Au Stade Bonal, le samedi 17 mai 2008

Au Stade Bonal, le samedi 17 mai 2008
Quelle tension incroyable en cette fin de match ! Le PSG doit tout faire pour ne pas craquer dans le temps additionnel. Finalement, Monsieur Layec siffle la fin de la rencontre et c'est tout une équipe, tout un club, tout un peuple qui peut exploser de joie ! Au terme d'une saison difficile, les hommes de Paul Le Guen sont allés chercher leur maintien et vont pouvoir se tourner vers leur dernier challenge : la finale de la Coupe de France, samedi prochain face à Lyon au Stade de France.

# Posté le dimanche 18 mai 2008 14:41

Au Stade Bonal, le samedi 17 mai 2008

Au Stade Bonal, le samedi 17 mai 2008
Au moment de tourner la page sur la saison 2007-2008, c'est devant les 20 000 spectateurs du Stade Bonal de Sochaux-Montbéliard que le PSG va jouer son avenir. Près de 850 supporters Parisiens garnissent la tribune visiteurs et prennent très à c½ur leur rôle de 12e homme dès le coup d'envoi de la rencontre. Sur le terrain, pas de grosse surprise dans le onze du PSG, face auquel trois anciens parisiens débutent la partie : Stéphane Pichot, Stéphane Dalmat et Fabrice Pancrate. Ce dernier est prêté par le club de la capitale.
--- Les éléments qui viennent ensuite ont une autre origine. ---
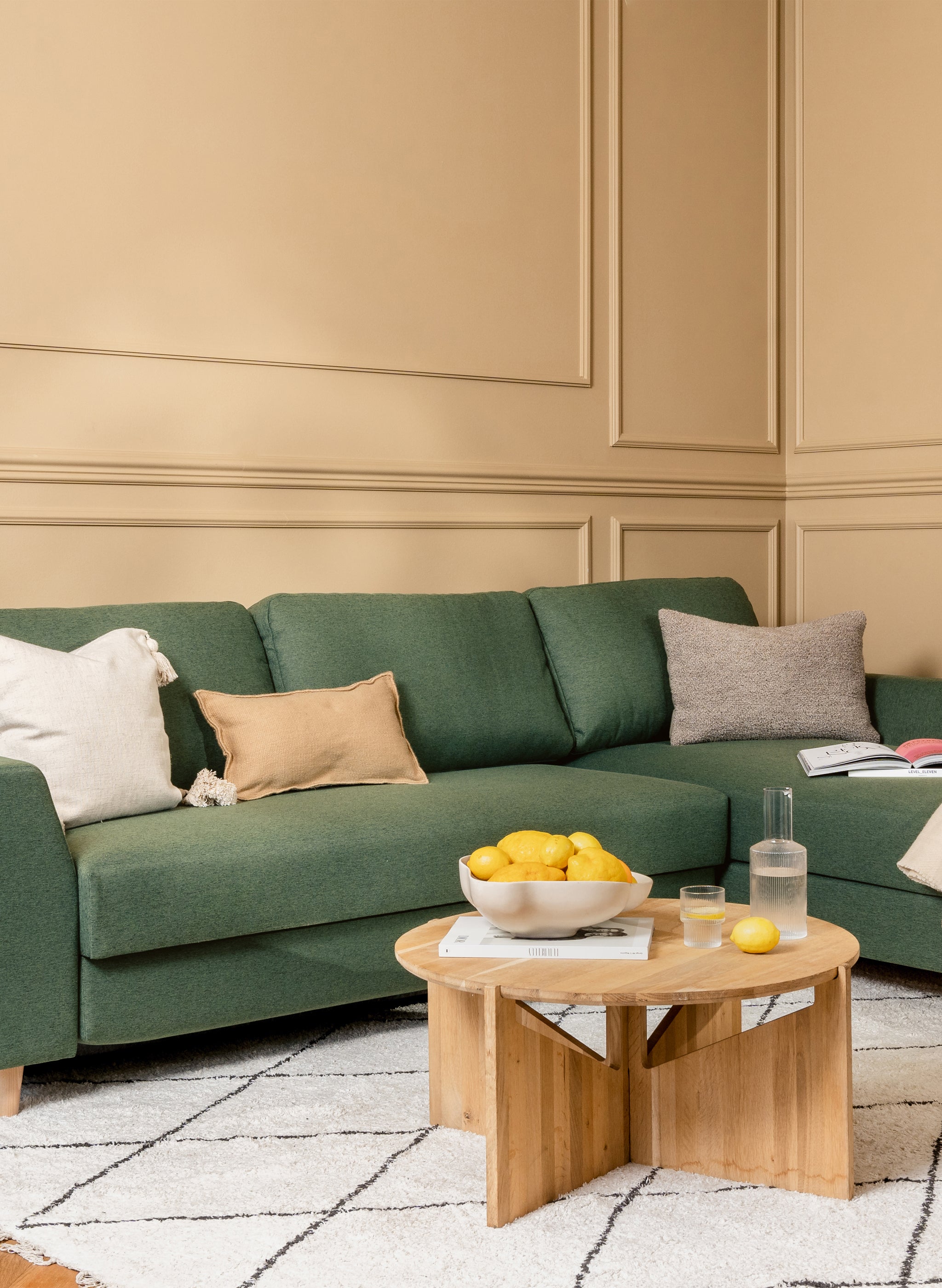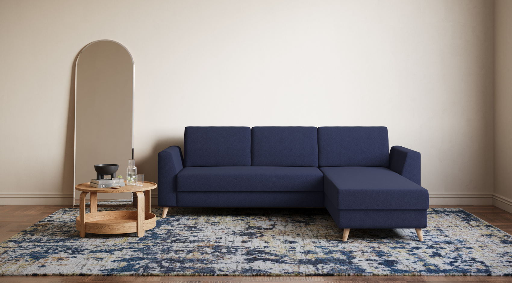 Der Rahmen des Ecksofas besteht aus robustem Massivholz. Dadurch garantieren wir langlebige Stabilität und Schonung der Ressourcen.

Le PSG s'offre la première occasion du match. Lancé dans le dos de la défense Chantôme est devancé de justesse par un défenseur à quelques centimètres seulement du but adverse (7e). Les Sochaliens se font encore une frayeur lorsque Teddy Richert relâche un ballon aérien dans les pieds de Diané, mais l'attaquant est repris par Bréchet (11e). Alors que le froid s'abat petit à petit sur le Stade Bonal, les supporters parisiens se réchauffent en redoublant de ferveur. On n'entend plus qu'eux dans l'enceinte montbéliarde.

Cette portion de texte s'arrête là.